§ **DESCRIPTION OF THE TASK**
Omit all pictures. Reproduce exactly the lines from the first line of the records below through the line with "出発当日は成田空港に4時間前に到着。リゾッチャ塗装のジャンボに乗".

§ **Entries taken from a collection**
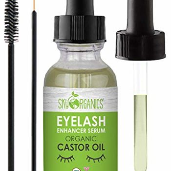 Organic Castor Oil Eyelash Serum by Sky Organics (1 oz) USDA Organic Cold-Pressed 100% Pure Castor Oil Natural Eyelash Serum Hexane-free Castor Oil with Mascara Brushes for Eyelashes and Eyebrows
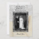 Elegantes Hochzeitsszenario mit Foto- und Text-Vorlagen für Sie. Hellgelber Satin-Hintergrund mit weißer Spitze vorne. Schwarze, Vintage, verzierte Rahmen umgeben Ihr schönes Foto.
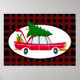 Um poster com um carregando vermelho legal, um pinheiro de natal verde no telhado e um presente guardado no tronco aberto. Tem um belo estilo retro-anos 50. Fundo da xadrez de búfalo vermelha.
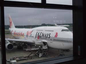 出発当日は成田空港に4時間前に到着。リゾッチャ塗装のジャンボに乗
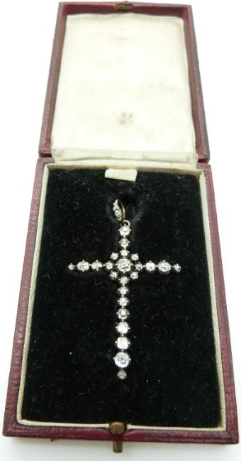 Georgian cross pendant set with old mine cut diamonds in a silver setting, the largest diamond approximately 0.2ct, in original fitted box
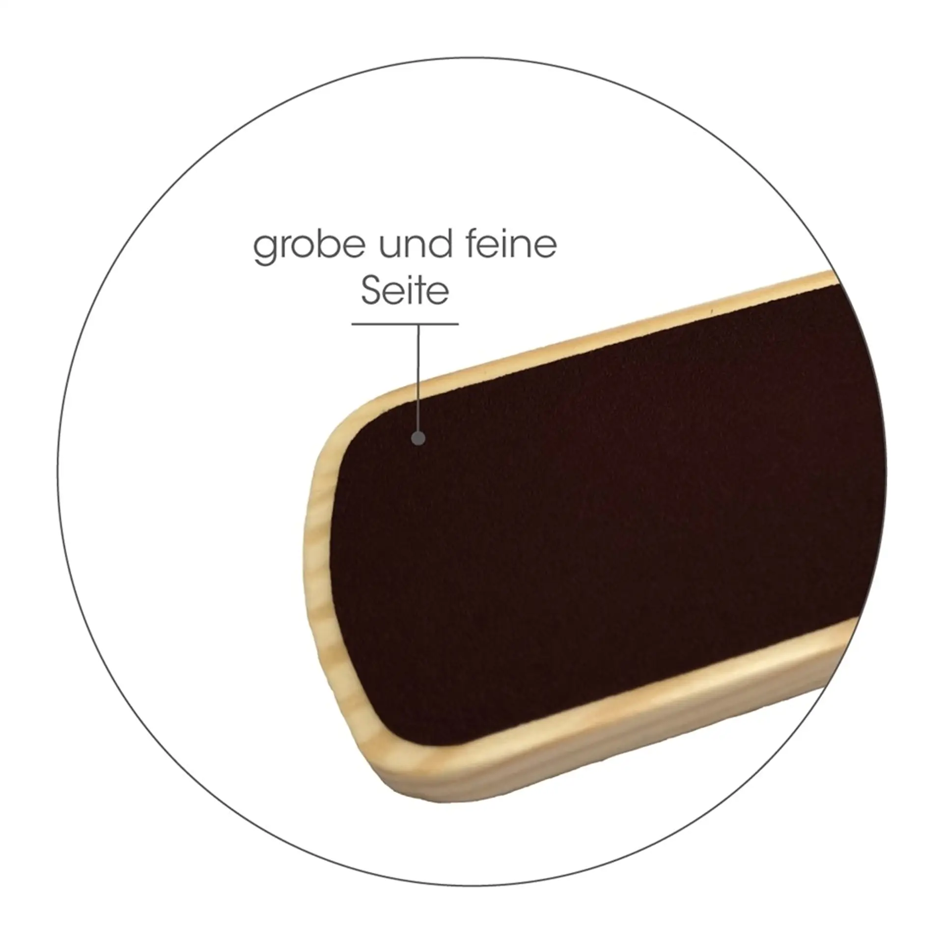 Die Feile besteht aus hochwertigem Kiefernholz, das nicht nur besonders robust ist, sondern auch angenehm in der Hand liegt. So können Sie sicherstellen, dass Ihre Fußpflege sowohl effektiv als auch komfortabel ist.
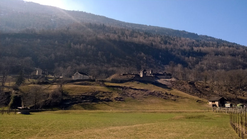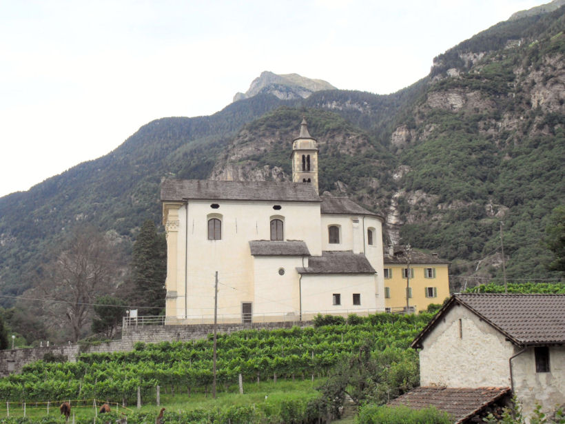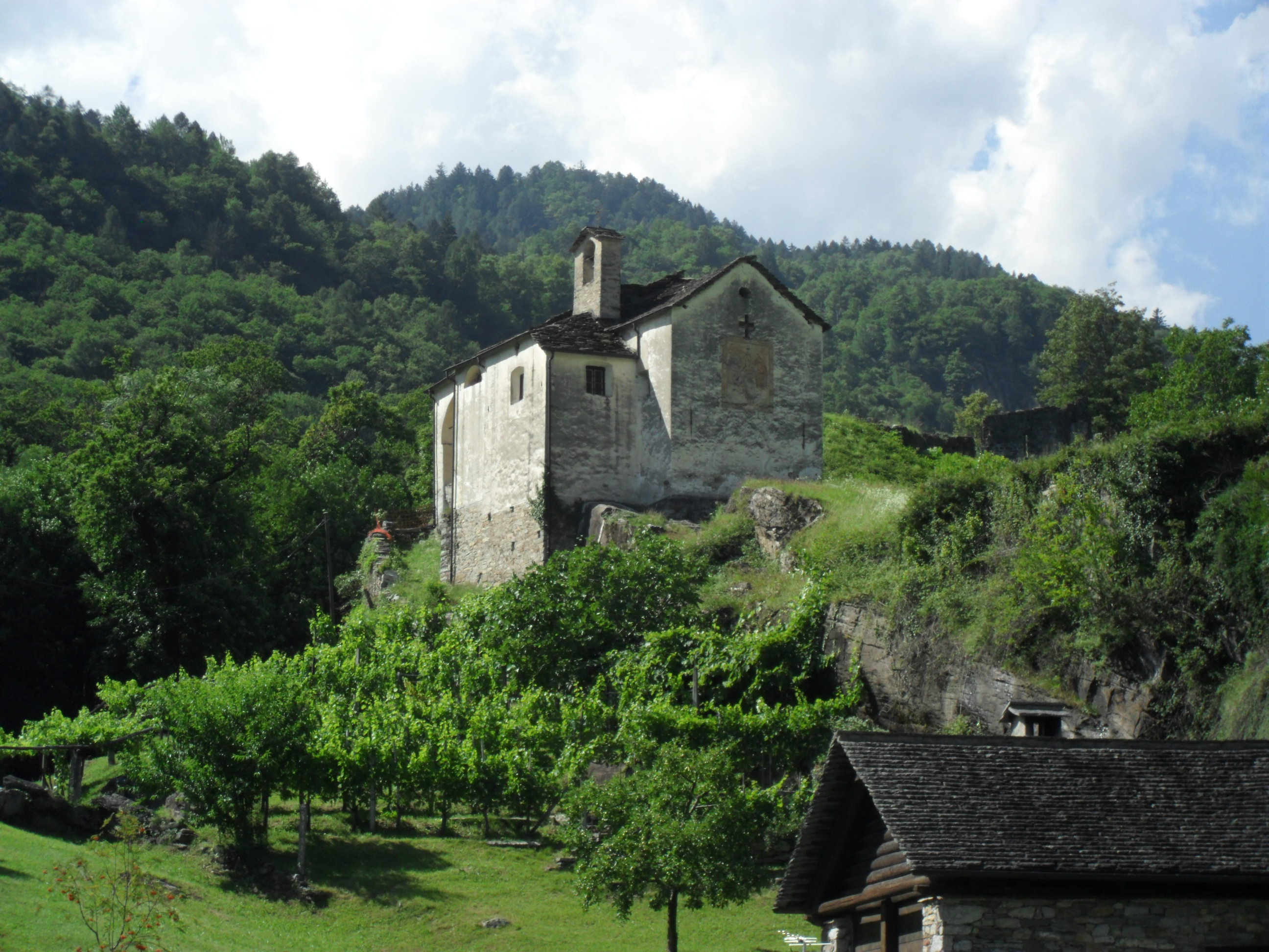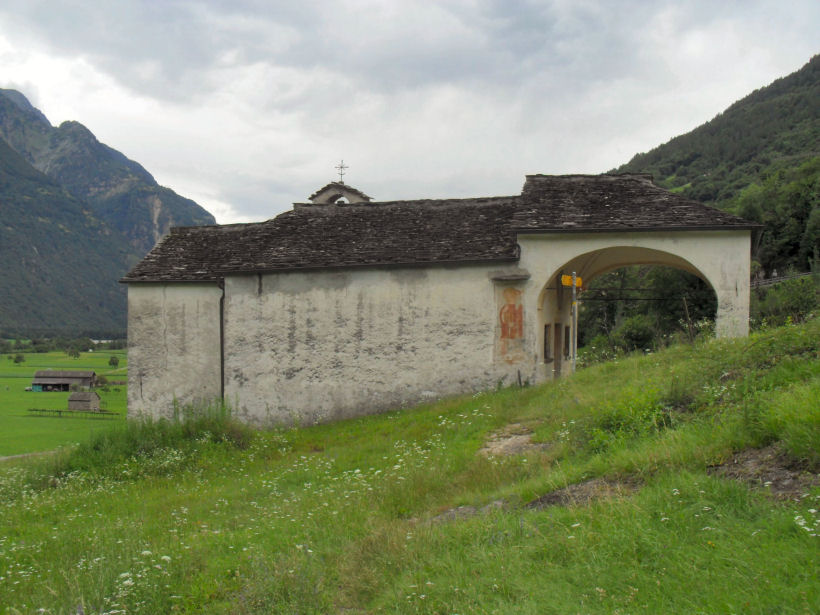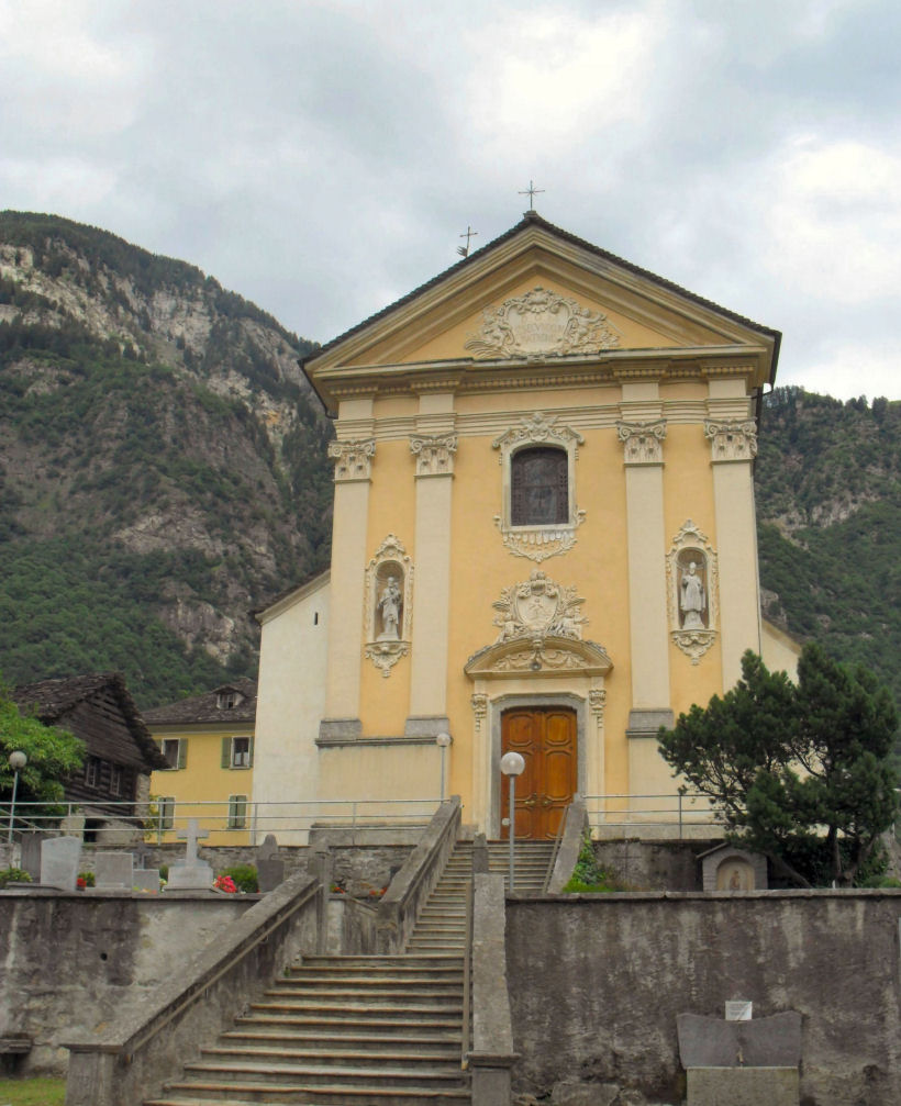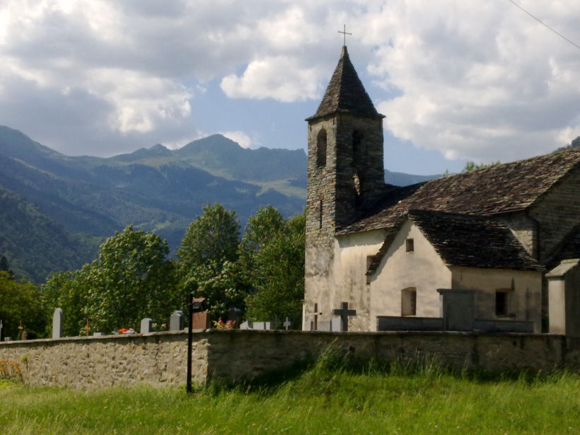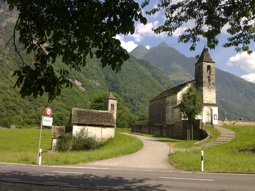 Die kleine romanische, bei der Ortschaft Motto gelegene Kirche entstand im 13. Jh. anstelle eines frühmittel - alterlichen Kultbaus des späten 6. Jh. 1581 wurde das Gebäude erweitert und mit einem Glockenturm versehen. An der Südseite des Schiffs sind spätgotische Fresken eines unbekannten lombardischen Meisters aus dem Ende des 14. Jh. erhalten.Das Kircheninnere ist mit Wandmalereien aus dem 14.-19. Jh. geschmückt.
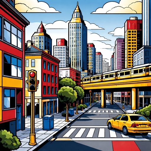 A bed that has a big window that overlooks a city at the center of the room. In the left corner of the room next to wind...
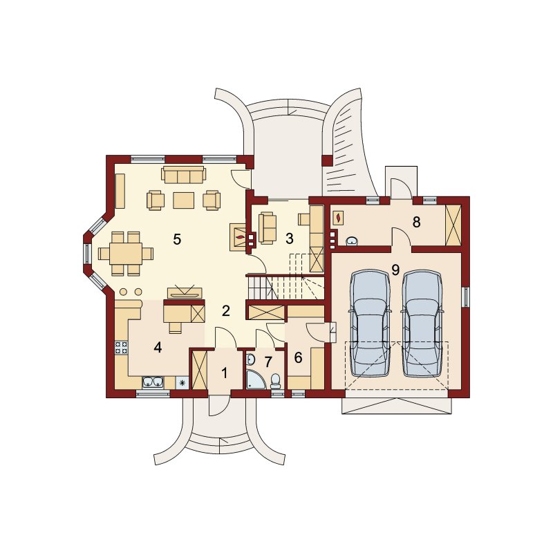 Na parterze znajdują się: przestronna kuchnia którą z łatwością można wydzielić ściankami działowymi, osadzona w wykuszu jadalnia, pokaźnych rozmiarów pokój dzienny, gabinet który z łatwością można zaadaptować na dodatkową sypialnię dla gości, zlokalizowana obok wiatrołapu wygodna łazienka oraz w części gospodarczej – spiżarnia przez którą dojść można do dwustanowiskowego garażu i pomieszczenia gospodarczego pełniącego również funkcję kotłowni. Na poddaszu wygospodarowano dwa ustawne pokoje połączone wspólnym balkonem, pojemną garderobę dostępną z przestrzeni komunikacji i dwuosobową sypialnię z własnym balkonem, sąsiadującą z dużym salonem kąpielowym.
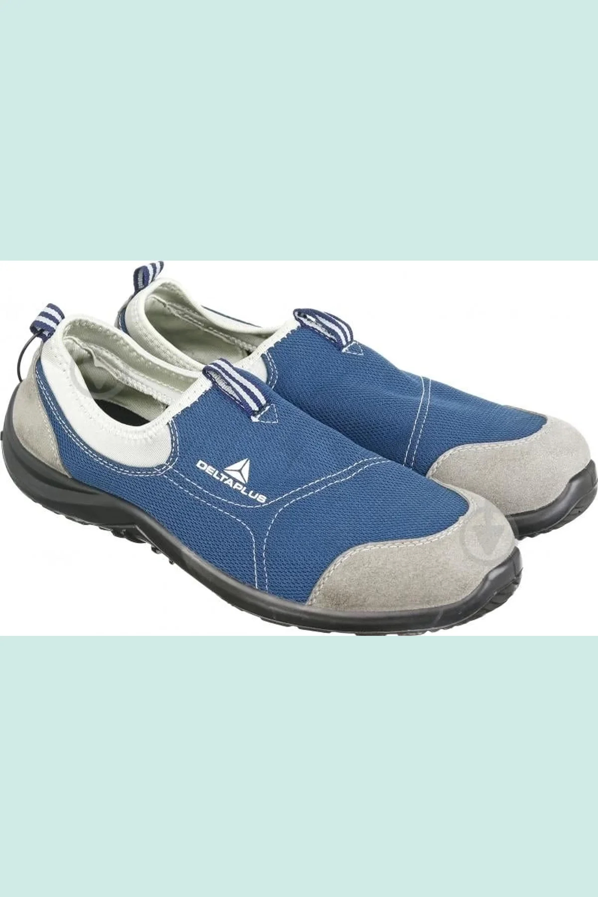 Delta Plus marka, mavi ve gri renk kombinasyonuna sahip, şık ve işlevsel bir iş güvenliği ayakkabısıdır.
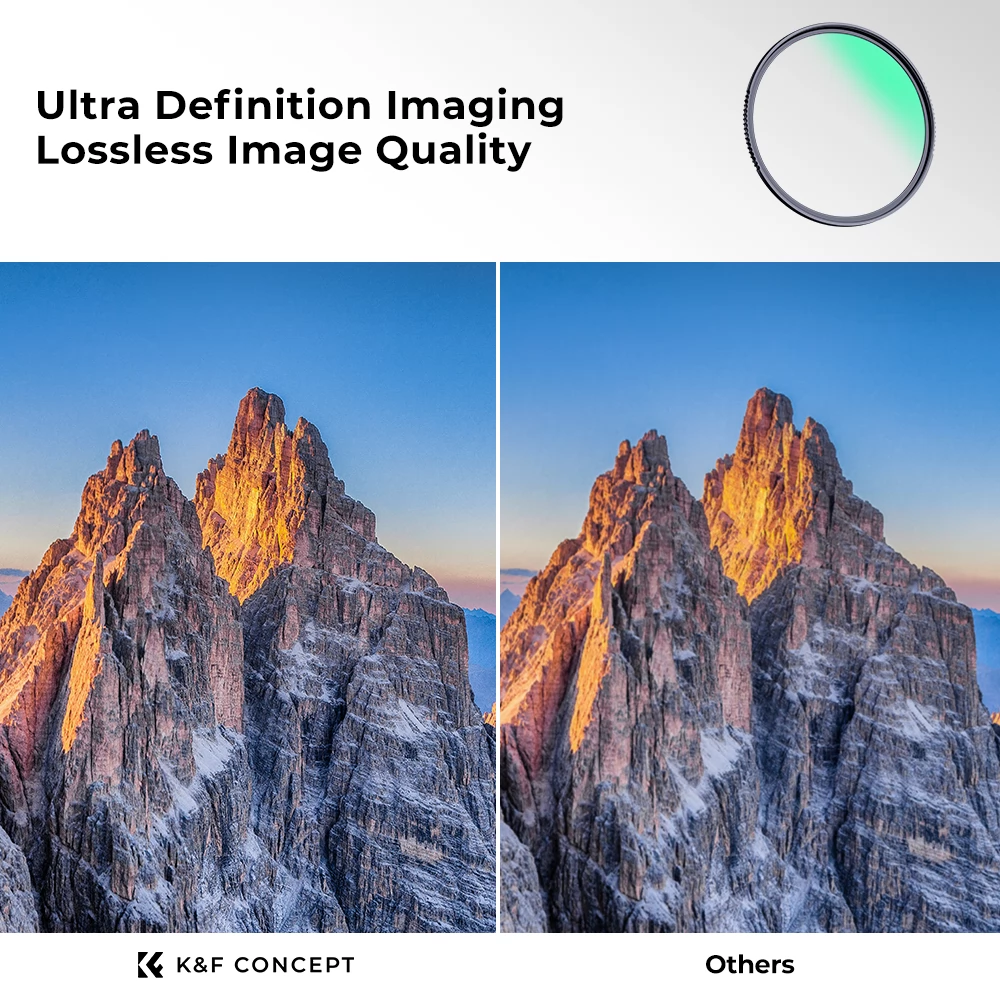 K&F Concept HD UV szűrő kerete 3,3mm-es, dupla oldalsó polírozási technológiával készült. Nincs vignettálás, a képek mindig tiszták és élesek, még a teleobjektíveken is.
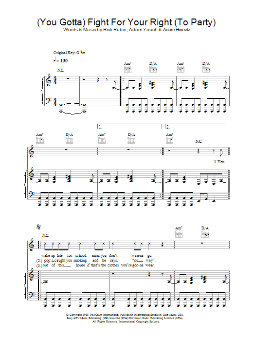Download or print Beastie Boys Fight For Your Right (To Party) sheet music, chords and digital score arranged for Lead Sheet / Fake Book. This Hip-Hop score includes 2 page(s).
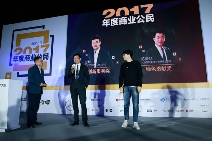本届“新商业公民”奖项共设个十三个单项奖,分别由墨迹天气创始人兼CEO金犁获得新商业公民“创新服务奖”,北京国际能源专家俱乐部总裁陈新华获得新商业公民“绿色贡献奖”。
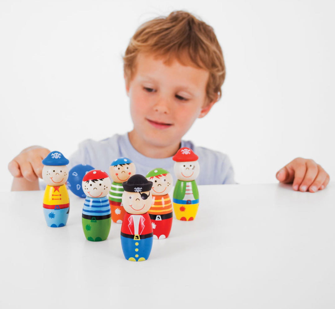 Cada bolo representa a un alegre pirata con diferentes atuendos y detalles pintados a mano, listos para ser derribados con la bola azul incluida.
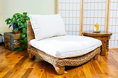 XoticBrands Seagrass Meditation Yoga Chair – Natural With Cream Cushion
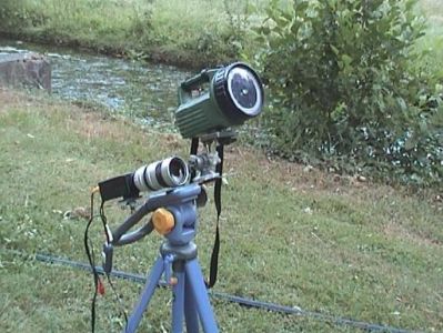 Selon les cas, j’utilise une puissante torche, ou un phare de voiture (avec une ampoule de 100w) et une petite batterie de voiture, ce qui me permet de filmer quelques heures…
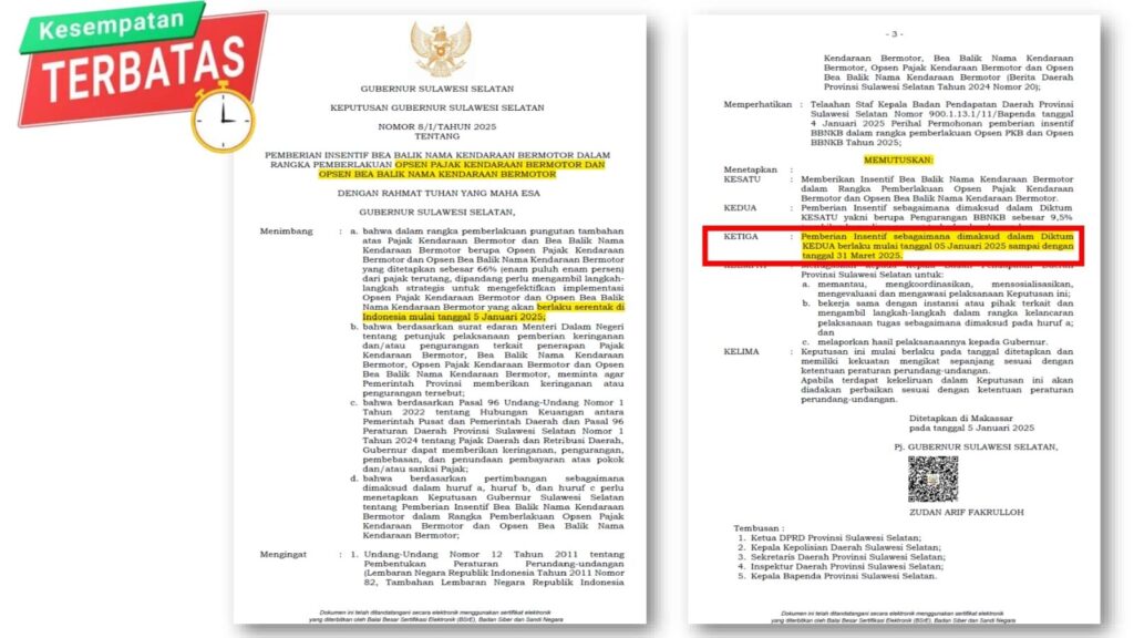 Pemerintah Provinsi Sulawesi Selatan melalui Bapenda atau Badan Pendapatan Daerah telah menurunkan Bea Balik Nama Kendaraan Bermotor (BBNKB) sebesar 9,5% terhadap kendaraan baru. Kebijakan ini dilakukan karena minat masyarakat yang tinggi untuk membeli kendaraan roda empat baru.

§ **COMPLETED TASK**
 Organic Castor Oil Eyelash Serum by Sky Organics (1 oz) USDA Organic Cold-Pressed 100% Pure Castor Oil Natural Eyelash Serum Hexane-free Castor Oil with Mascara Brushes for Eyelashes and Eyebrows
 Elegantes Hochzeitsszenario mit Foto- und Text-Vorlagen für Sie. Hellgelber Satin-Hintergrund mit weißer Spitze vorne. Schwarze, Vintage, verzierte Rahmen umgeben Ihr schönes Foto.
 Um poster com um carregando vermelho legal, um pinheiro de natal verde no telhado e um presente guardado no tronco aberto. Tem um belo estilo retro-anos 50. Fundo da xadrez de búfalo vermelha.
 出発当日は成田空港に4時間前に到着。リゾッチャ塗装のジャンボに乗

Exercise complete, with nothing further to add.